In this example, if the number of the history synchronization data is inconsistent with the number of the actual data, it is indicated that the previous data synchronization task fails, and data synchronization is performed from the third data record corresponding to the initial value of the history increment synchronization field, so that accurate synchronization of the data records in the original data table to the preset destination table is ensured.

In addition, to assist understanding of the flow of the data synchronization method in the present embodiment, the following description is given by way of example.

Referring to fig. 6, according to the configuration of the original data source, the original data table and the increment synchronization field (i.e. increment field), the synchronization information of the last synchronization task is obtained, if the synchronization information is not obtained, which indicates that the data has not been synchronized yet, the initial value of the present synchronization is set as the minimum value of the increment field data type, as the true initial value of the present synchronization, if the synchronization information is obtained, the last synchronization initial value, the end value and the synchronization data amount can be obtained, according to the last synchronization initial value and the end value, the data amount of the original table is obtained, whether the data amount is consistent is compared, if the data amount is consistent, which indicates that the last synchronization is complete, the last data is successfully synchronized into the destination table, the end value precision +1 (plus 1) of the last synchronization is used as the initial value of the present synchronization, if the last synchronization is inconsistent, which indicates that the abnormality exists, the data presql within the last synchronization initial value and the end value range is deleted, the initial value of the last synchronization is pre-executed sql is converted into the presql of the hudiwrite plug-in by the preset dialect, the initial value of the last synchronization is used as the initial value of the present synchronization, and the previous synchronization is converted into the corresponding increment plug-in by the preset dialect converter, and the reader is read.

In an embodiment, after the step of writing the target data record into the preset destination table, the method further includes:

step n, acquiring data synchronization information of the data synchronization frame, wherein the data synchronization information comprises data reading delay, data writing delay, data reading speed and data writing speed; the data reading delay refers to a reading time length corresponding to the unit data quantity, and the data writing delay refers to a writing time length corresponding to the unit data quantity;

since there may be data synchronization between different terminal devices between DataX and Hudi, the rate of data synchronization depends on the software and hardware resources of the two terminal devices. If the synchronization rate exceeds the software and hardware resources of the terminal equipment, the data synchronization interruption or data loss and other conditions are easy to cause. In order to ensure the stability of data synchronization while ensuring the maximum synchronization rate, it is necessary to comprehensively consider software and hardware resources corresponding to two terminal devices, so as to further allocate reasonable data synchronization rate.
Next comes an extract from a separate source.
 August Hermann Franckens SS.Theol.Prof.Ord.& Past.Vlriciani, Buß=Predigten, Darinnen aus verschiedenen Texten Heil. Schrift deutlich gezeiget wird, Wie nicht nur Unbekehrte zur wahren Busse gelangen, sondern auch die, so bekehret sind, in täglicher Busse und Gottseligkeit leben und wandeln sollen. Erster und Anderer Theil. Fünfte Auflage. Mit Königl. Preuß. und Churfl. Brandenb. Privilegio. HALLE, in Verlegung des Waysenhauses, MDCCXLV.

Based on the above phenomenon, a speed controller parameter is added to the configuration file of the DataX, so as to specify the strategy and parameters of the data synchronization rate control. At the runtime of the DataX, a speedController object is created based on the speedController parameters for monitoring and adjusting the data synchronization rate. The SpeedController object may have different implementations to control the rate according to different policies.
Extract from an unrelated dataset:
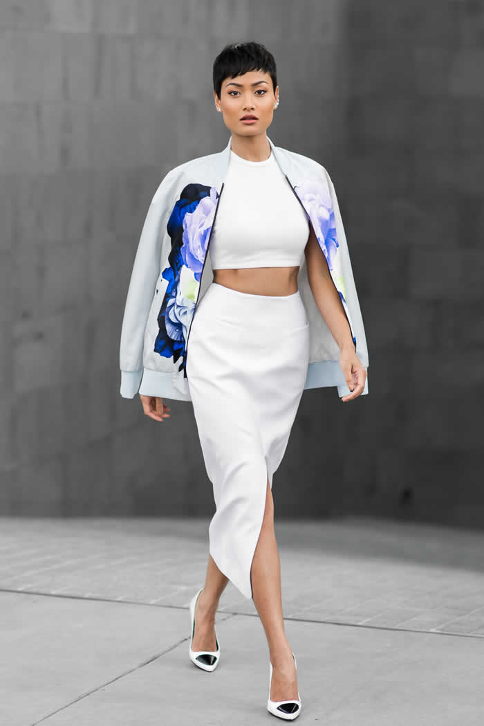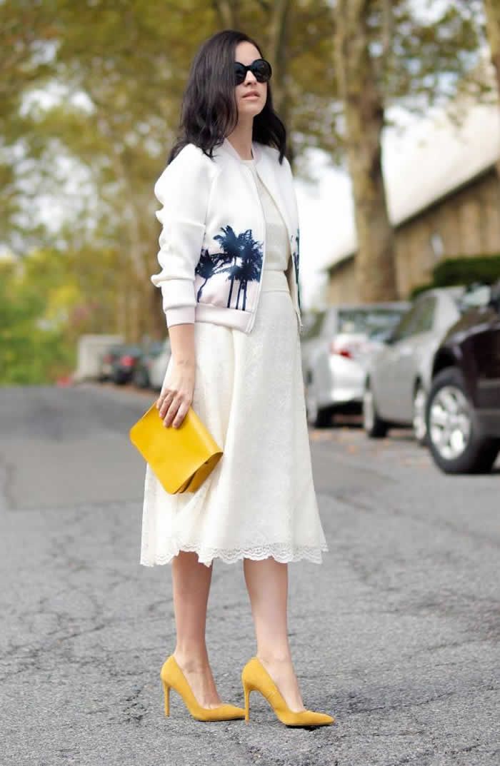Like fashion blogger Veronica Popoiacu, top your white dress with a white printed bomber jacket to keep you season-appropriate while wearing mustard shoes and yellow clutch keeps your outfit vibrant and chic.

First, data synchronization information of a data synchronization frame may be acquired, and an initial rate limit and an initial data synchronization rate may also be acquired, the initial rate limit including a maximum rate limit and a minimum rate limit. Before adjusting the data synchronization rate, data synchronization between the original data table and the preset destination table is performed at the initial data synchronization rate. In the data synchronization process, the data end where the original data table is located and the destination end where the preset destination table is located are subjected to only synchronous rate control, so that the situations of data synchronization interruption, data loss and the like are prevented.

It should be noted that, the data reading speed represents the data amount that can be read by the data end per second, the number of bytes or data packets that can be read from the data end to the data record can be recorded in a certain time window, then the data amount that can be read per second is obtained by dividing the length of the time window, and the data reading speed is obtained.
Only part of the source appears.